Wrap-Around services for example are required for higher education, and should be paid with state
funds. List is available. dereke@atg.wa.gov.com. He will send to Larry to send out to BAR
Gifting: used to be aimed at railroads. Now there is a prohibition against gifting with an exception for
Needy--poverty of students.
If funds are collected, Donative Intent is used for use of funds
For some uses, there is a good argument that students pay S&A fees and want services in return. If you
have a program for Needy students that helps a broad range of students and is not specific to
individuals, that might be an appropriate use of funds. If instead, financial aid is given to a specific
individual, though, it would be impermissible.
For Need-based scholarships--truly at poverty level, any program should have review and approval by
ASG processes.
Advisor's meals cam be paid by S&A? Yes, and you can also fund positions related to student programs
out of S&A and therefore it is also logical to pay meals. This is for circumstances when employees are
away from office and integral to meeting. Must be outside work station. Location. Not at workstation.

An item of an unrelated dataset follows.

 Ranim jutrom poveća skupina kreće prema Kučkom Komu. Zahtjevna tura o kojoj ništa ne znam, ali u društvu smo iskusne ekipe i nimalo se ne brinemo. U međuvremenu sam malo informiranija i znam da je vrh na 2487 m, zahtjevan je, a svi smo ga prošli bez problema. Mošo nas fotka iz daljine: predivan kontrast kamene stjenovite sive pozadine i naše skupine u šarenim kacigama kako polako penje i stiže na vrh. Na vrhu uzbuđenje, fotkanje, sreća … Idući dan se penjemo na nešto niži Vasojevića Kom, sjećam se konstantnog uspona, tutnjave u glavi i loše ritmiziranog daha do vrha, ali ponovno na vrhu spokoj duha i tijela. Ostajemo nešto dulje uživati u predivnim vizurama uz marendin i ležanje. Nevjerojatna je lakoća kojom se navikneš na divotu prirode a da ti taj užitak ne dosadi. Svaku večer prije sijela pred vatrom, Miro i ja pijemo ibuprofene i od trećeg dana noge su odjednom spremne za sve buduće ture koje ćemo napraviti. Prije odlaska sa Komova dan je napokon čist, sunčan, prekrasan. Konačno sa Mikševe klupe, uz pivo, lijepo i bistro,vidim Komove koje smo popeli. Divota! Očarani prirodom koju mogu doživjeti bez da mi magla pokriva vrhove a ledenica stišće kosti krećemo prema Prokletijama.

Student Meals ASG members are employees. So, if they attend, must have a Meals with Meetings form.
Club members don't have these requirements. Apply fiscal standards with a guiding principal that we
have Limited funds.
How do you define extra and co-curricular? State tuition and student activities. Would have to parse
this.
Entertainment--should be aligned with club purpose. If funds for a particular club and activity is integral
to the club's purpose, then costs would be appropriate.

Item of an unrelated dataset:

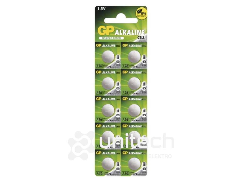 chemické zloženie: alkalické|hmotnosť: 1,7 g|kapacita: 110 mAh (pri záťaži 1,6 kOhm)|kategória/rada: Alkaline cell|max. skladovateľnosť: 3 roky|možnosť nabíjania: nie|napätie: 1,5 V|počet nabíjacích cyklov: nenabíjacie|predajný obal: 10 ks, blister|prevádzková teplota: 0 °C až +45 °C|rozmer: 11,6 × 5,4 mm|typové označenie: GP A76F (AG13, LR44, LR1154, V13GA, PX76A)|veľkosť batérie: neuvádza sa|značka: GPDodatočné parametre

If subsidizing activity with S&A funds, you can also use ticket sales to fund this activity. Note that seed
money from state should not be used as well. This would be giving away state funds.
ORCA pass subsidy--a transportation program is OK. Trickier--what about students who don't pay S&A
like ABE. Shoreline will be basing their orca subsidies on demonstrated need. Can put restrictions on
this.
Gifting doesn't apply to Needy.
Put criteria on this based on a broad range of people.
Collaborative Budgeting
Jennifer Howard, EvCC VP of Admin Services
Power point presentation provided
Collaborative budgeting at EVCC basically is bottom up budgeting. Departments hold budget meetings
and a draft budget comes from the department. Those budgets are shared with the campus as
informational and to answer questions. Budgets are then sent through VPs and President for revisions
and shared with campus again. The preliminary budget is then developed by the budget office and
shared publicly with the board of trustees. Then budget is finalized.
Wrap Up & Adjourn
Next meeting is May 28-29 at Wall Walla Community College.